If you want to check to make sure that you've unmerged everything correctly, after you've edited all of the pages navigate to each page again:

  1. Click on the "History link.
  2. Click on the radio button (the circle) next to the revision just before the merge occurred and then click on the "Compare selected versions" button.
  3. The only changes you should see between the pre-merge revision and the current revision should involve re-ordering data elements and standardizing place links. Person and family links should be the same between the two revisions.

If you need help, please leave a message on User talk:Dallan.

Note: If a page that was redirected has a talk page associated with it, you'll see a "View the talk page" link instead of the "redirected from page title" link at the top of the merged page. This is annoying, and it's something I'm going to fix in a few weeks. In the meantime, if this happens to you, add "?redirect=no" (without the quotes) to the end of the URL line and press enter to navigate to the redirect page.

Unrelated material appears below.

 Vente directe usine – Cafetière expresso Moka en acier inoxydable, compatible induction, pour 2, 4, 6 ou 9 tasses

What to do when similar pages should not be merged

If you come across two Family pages that appear similar but should not be merged, and you want to let others (and the site) know that they should not be merged, edit the Talk page of one of the families and add a template

{{nomerge|Family:Title of the other family}}

somewhere on the page. You can do this for Person pages as well.

Pages marked this way will not appear in the duplicates list next day.

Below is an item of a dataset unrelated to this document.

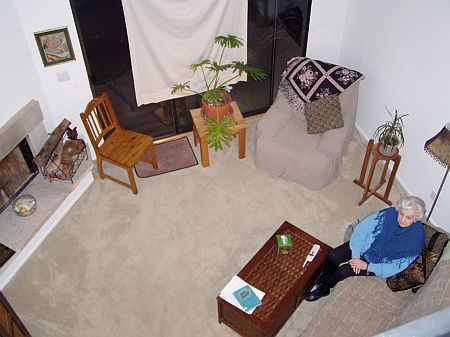 Looking from upstairs into the living room...Mommy enjoys a quiet moment before we take her home.

How to merge duplicate Place pages or duplicate Source pages

  1. Decide which page to keep. We'll call that page the target and the other page the duplicate.
  2. Edit the target page. Copy over information from the duplicate that you want to keep into the merge target page.
  3. Edit the duplicate page. Erase everything in the big text box and replace it with
#REDIRECT [[Place:Title of place target page]] or
#REDIRECT [[Source:Title of source target page]]

That's it. The duplicate page will now automatically redirect people to the merge target page.

NOTE: This process will drop all persons watching the duplicate page; they will not be watching the target page.
NOTE: when pasting text into the brackets, be sure not to include any HTML code; for example if the target has a comma in the title (e.g., "Source:Ancient Historical Records of Norwalk, Conn."), make sure to type in a comma. Some paste action will paste HTML code and the redirect won't work; so if you see a redirect that looks like this after saving the edit:
1. #redirect Source:Ancient Historical Records of Norwalk, Conn.
chances are there is some HTML code in the text on the edit page. Ideally, you want the result to look like this on the duplicate page:

MySource:Jillaine/Ancient Historical Records of Norwalk, CT<b>
Redirect page
[graphic of arrow] Source:Ancient Historical Records of Norwalk, Conn.